Triangle 11 starts at the right and cuts all the way across to the left, which isn’t what we wanted to happen. The winding is now also incorrect for the next row of triangles, since 3 new triangles were inserted, swapping even and odd.

A practical example

Let’s walk through the code to make it happen. I highly recommend heading over and reading Android Lesson Seven: An Introduction to Vertex Buffer Objects (VBOs) before continuing.

Do you remember those graph calculators, that could draw parabolas and other stuff on the screen? In this example, we’re going to draw a 3d parabola using a height map. We’ll walk through all of the code to build and draw the height map. First, let’s get started with the definitions:

class HeightMap {
	static final int SIZE_PER_SIDE = 32;
	static final float MIN_POSITION = -5f;
	static final float POSITION_RANGE = 10f;

	final int[] vbo = new int[1];
	final int[] ibo = new int[1];

	int indexCount;
  • We’ll set the height map to 32 units per side, for a total of 1,024 vertices and 1,922 triangles, not including degenerate triangles (The total number of triangles in a height map is equal to (2 * (units_per_side – 1)2)). The height map positions will range from -5 to +5.
  • The OpenGL reference to our vertex buffer object and index buffer object will go in vbo and ibo, respectively.
  • indexCount will hold the total number of generated indices.
Building the vertex data

Let’s look at the code that will build the vertex buffer object.

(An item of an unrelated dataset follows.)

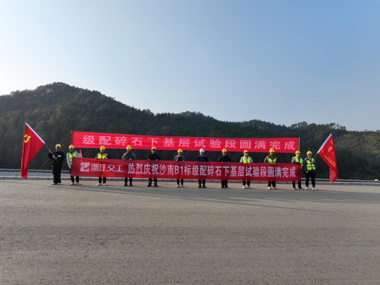 12月14日下午,沙南高速公路南平段B1合同段级配碎石下基层试验段顺利完成铺筑,标志着项目路面工程进度迎来全新突破!
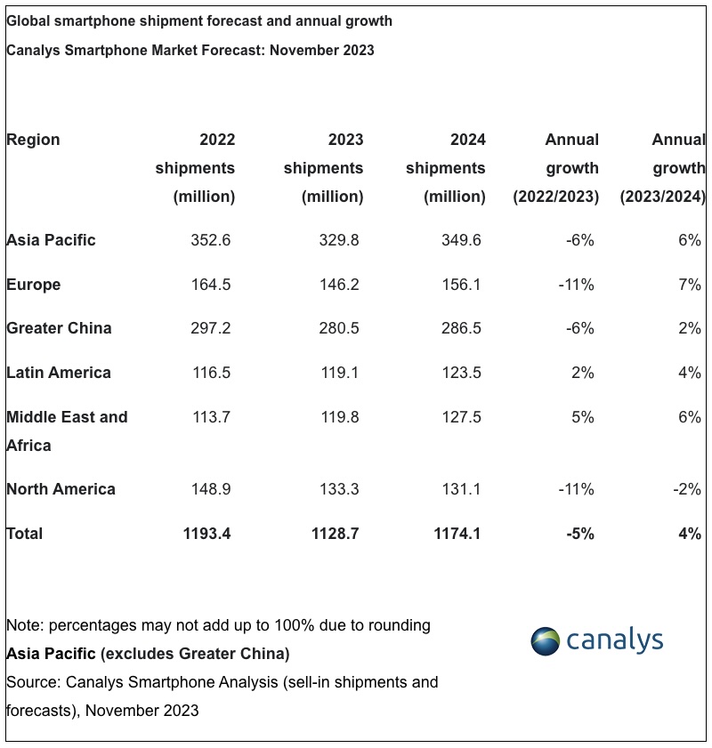 In 2024, the Asia Pacific region will see the most smartphone sales, with resurging demand from India, South Asia, and Southeast Asia. Canalys expects less than 5% of smartphones sold next year to have on-device AI capabilities. The Galaxy S24 is expected to be Samsung's first AI smartphone, featuring several AI and Generative AI capabilities, including real-time language transliteration during calls and text-to-image generation. Chinese smartphone brands, including Honor, Transsion (Infinix, Itel, and Tecno), and Xiaomi, are expected to launch in more countries globally to compete with Samsung.

Remember that we still need a place to hold all of our vertices, and that each vertex will be defined once, and only once.

HeightMap() {
	try {
		final int xLength = SIZE_PER_SIDE;
		final int yLength = SIZE_PER_SIDE;

		final float[] heightMapVertexData = new float[xLength * yLength * floatsPerVertex];

		int offset = 0;

		// First, build the data for the vertex buffer
		for (int y = 0; y < yLength; y++) {
			for (int x = 0; x < xLength; x++) {
				final float xRatio = x / (float) (xLength - 1);

				// Build our heightmap from the top down, so that our triangles are 
				// counter-clockwise.
				final float yRatio = 1f - (y / (float) (yLength - 1));

				final float xPosition = MIN_POSITION + (xRatio * POSITION_RANGE);
				final float yPosition = MIN_POSITION + (yRatio * POSITION_RANGE);


This bit of code sets up the loop to generate the vertices. Before we can send data to OpenGL, we need to build it in Java’s memory, so we create a floating point array to hold the height map vertices. Each vertex will hold enough floats to contain all of the position, normal, and color information.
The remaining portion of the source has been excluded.